▸ WHAT TO WORK ON
Please give back word for word the lines of the material below between the line containing "본포스트는 인공지능 ChatGPT로" and the line containing "Mass Modify Well", inclusive.

▸ SUPPLIED INFORMATION
----

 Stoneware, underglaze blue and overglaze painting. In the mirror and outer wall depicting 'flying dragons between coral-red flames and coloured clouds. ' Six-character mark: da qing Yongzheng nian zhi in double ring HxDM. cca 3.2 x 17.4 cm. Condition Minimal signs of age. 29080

----

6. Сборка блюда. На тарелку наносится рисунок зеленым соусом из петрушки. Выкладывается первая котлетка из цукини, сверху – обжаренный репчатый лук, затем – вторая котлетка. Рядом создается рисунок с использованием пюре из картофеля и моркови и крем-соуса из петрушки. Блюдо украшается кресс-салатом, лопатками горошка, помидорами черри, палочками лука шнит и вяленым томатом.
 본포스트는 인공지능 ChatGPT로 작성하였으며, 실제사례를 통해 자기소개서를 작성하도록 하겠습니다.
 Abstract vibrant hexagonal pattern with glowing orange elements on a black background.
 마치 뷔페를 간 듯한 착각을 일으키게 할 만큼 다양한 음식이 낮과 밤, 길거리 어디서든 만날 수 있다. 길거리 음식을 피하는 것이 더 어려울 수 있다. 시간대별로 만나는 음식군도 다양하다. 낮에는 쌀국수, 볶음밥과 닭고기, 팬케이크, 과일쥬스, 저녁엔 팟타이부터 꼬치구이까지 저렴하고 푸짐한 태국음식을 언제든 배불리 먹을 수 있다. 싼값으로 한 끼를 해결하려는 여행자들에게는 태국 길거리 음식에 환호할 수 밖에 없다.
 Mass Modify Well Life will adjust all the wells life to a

----

▸ SOLVED EXERCISE
 본포스트는 인공지능 ChatGPT로 작성하였으며, 실제사례를 통해 자기소개서를 작성하도록 하겠습니다.
 Abstract vibrant hexagonal pattern with glowing orange elements on a black background.
 마치 뷔페를 간 듯한 착각을 일으키게 할 만큼 다양한 음식이 낮과 밤, 길거리 어디서든 만날 수 있다. 길거리 음식을 피하는 것이 더 어려울 수 있다. 시간대별로 만나는 음식군도 다양하다. 낮에는 쌀국수, 볶음밥과 닭고기, 팬케이크, 과일쥬스, 저녁엔 팟타이부터 꼬치구이까지 저렴하고 푸짐한 태국음식을 언제든 배불리 먹을 수 있다. 싼값으로 한 끼를 해결하려는 여행자들에게는 태국 길거리 음식에 환호할 수 밖에 없다.
 Mass Modify Well Life will adjust all the wells life to a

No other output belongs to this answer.